In an op-ed in the Belmont Citizen Herald, Senator Will Brownsberger—co-sponsor of bill SB 735 and chair of the Senate Judiciary Committee—goes to bat for transgender Bay Staters and their equal right to be treated fairly, with respect and dignity.
Massachusetts has had non-discrimination protections on the books for more than two decades, prohibiting discrimination in housing, employment and public spaces—like hospitals, shopping mails and restaurants—on the basis of sexual orientation. While transgender Bay Staters are protected under the 2011 law in housing and employment, there is no state law prohibiting discrimination in public spaces on the basis of gender identity.
The centerpiece of opposition arguments against fully inclusive protections is the claim that allowing people to use public restrooms that align with their gender identity will somehow endanger public safety for women and children. Sen. Brownsberger highlights that, in actuality, the opposite is true:
What is really contrary to public safety is requiring transgender women to go to the men’s room where they would be deeply embarrassed and humiliated and at real risk of molestation. Transgender women do get harassed just like women who were designated female at birth. They are vastly more likely to be victimized than to be victimizers.
In fact, of the 17 states and over 200 cities with fully-inclusive non-discrimination protections—including 13 municipalities across Massachusetts—not a single one has reported a public safety incident involving a transgender person and restrooms.
On the other hand, just weeks ago the Joint Committee on the Judiciary heard public testimony from dozens of transgender people detailing the routine discrimination they face in public spaces, especially health care facilities. Sen.

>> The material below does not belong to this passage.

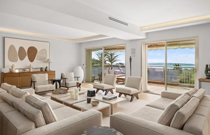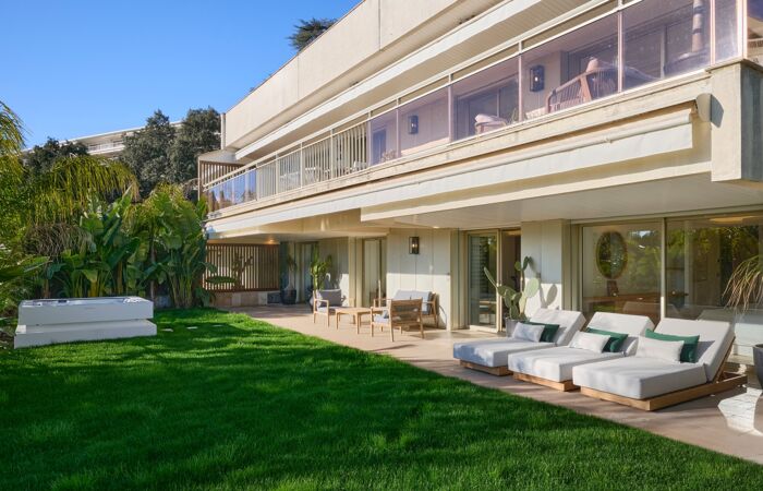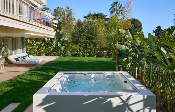 Les extérieurs sont tout aussi remarquables : terrasses à chaque niveau, jardin paysager avec jacuzzi, et une vue mer panoramique spectaculaire sur la baie de Cannes.

Brownsberger notes that—beyond the moral injustice of treating any specific group of people unfairly—being the victim of discrimination has long-standing destructive impact on a person’s psyche:
Transgender people, especially transgender young people, often don’t have the benefit of supportive peers or family and have to bear the crushing burden of discrimination entirely on their own, resulting in exceptionally high rates of depression and suicide.
If passed, Senate Bill 735 would update the Commonwealth’s non-discrimination law to include protections for transgender people in public spaces. It is currently under consideration alongside a sister bill, HB 1577, in the Joint Committee on the Judiciary, which Sen. Brownsberger chairs.